Data section:
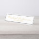 Esta placa de nome da mesa apresenta o nome no estilo de fonte dourado do script moderno e o título no estilo de fonte dourado do sans serif em fundo branco.
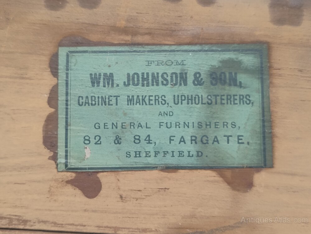 Makers label to rear of frame from the well respected firm of "W. M. Johnson & Son, Fargate, Sheffield".
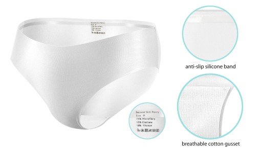 W górnej części majtek silikonowa wstążka utrzymuje bieliznę na miejscu.
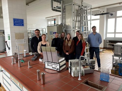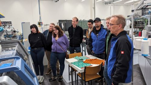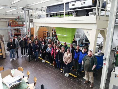 Die Teilnehmergruppe konnte an einem Nachmittag in den Technikräumen direkt an den Produktionsmaschinen die Praxis der Textilfertigung und Ausrüstung „live“ erleben.

Work instructions:
Make an exact copy of all the material, but keep the pictures out of it.

Expected output:
 Esta placa de nome da mesa apresenta o nome no estilo de fonte dourado do script moderno e o título no estilo de fonte dourado do sans serif em fundo branco.
 Makers label to rear of frame from the well respected firm of "W. M. Johnson & Son, Fargate, Sheffield".
 W górnej części majtek silikonowa wstążka utrzymuje bieliznę na miejscu.
 Die Teilnehmergruppe konnte an einem Nachmittag in den Technikräumen direkt an den Produktionsmaschinen die Praxis der Textilfertigung und Ausrüstung „live“ erleben.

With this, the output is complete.